There are pictures in the records below; leave them out and set down exactly the lines from the one holding "При этом следует" through the one holding "فستان سهرة كحلي مطرز ترتر بأكمام طويلة".

====

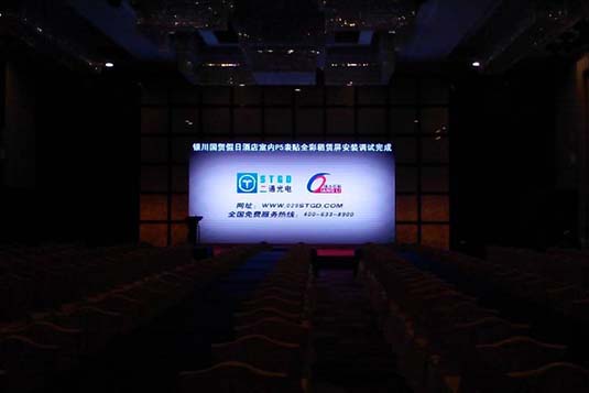 近日,银川国贸假日酒店,一块来自西安三通光电材料有限公司的P5室内全彩LED显示屏正式点亮。高端的小间距高清LED显示屏,也衬托出大酒店的高端大气上档次,为银川国贸假日酒店会议显示带来更多的人气和生意。
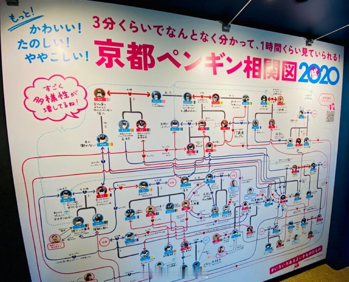 日本京都水族馆内有一面墙大小的流程图,记录着馆内企鹅之间的恋爱关系、分手以及各种情感纠葛。其中,红色爱心代表配对成功的情侣,蓝色代表分手,紫色代表关系复杂,黄色代表朋友关系,绿色则代表互有嫌隙的敌人。
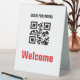 Schwarz-weißes QR Code-Menü mit berührungslosem Sc Tischaufsteller
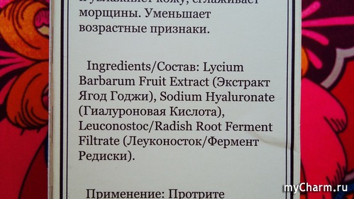 При этом следует отметить, что экстракт самих ягод в данном средстве представлен в максимальной концентрации. А это значит, что кожа получит все необходимое, чем богат тибетский барбарис. Гиалуроновая кислота, в свою очередь, поможет коже быть увлажнённой, подтянутой и эластичной.
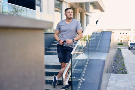 Young athlete man runner running up and down on city stairs in summer on morning run, background urban city street. Sports training. Fitness cardio workout in fresh air, walk outside.
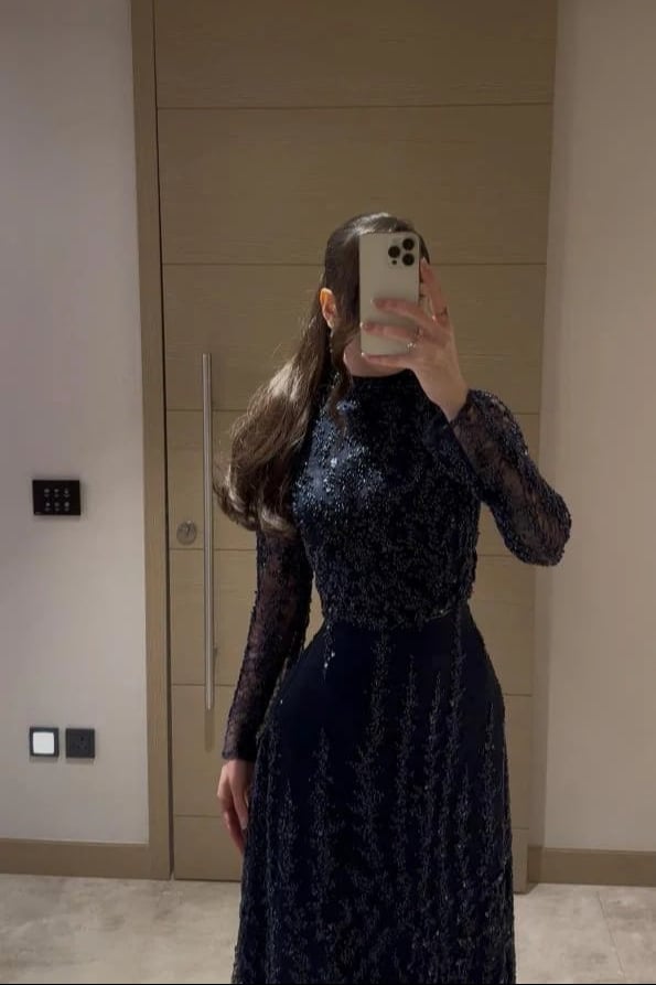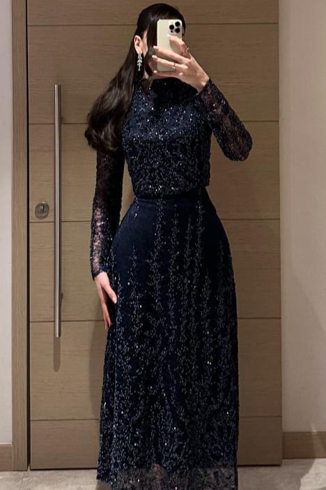 فستان سهرة كحلي مطرز ترتر بأكمام طويلة
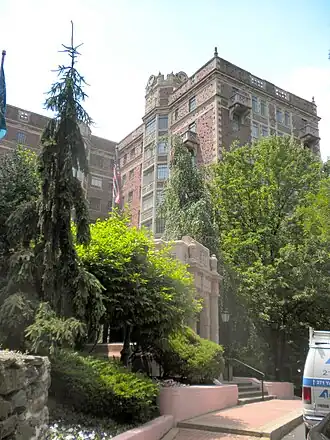 The complex overlooks the Wissahickon Valley section of Fairmount Park in the city's Germantown section. The buildings are surrounded by lawns and gardens, a rarity in the fairly urban setting. The complex features a unique indoor swimming pool which is lined with Mercer tiles and has a retractable roof. Alden Park was listed on the National Register of Historic Places in 1980 and on the Philadelphia Register of Historic Places in 1981. In the fall of 2015, a private firm bought the property for $59 million and began restorations.[3]

====

**Your solution:**
 При этом следует отметить, что экстракт самих ягод в данном средстве представлен в максимальной концентрации. А это значит, что кожа получит все необходимое, чем богат тибетский барбарис. Гиалуроновая кислота, в свою очередь, поможет коже быть увлажнённой, подтянутой и эластичной.
 Young athlete man runner running up and down on city stairs in summer on morning run, background urban city street. Sports training. Fitness cardio workout in fresh air, walk outside.
 فستان سهرة كحلي مطرز ترتر بأكمام طويلة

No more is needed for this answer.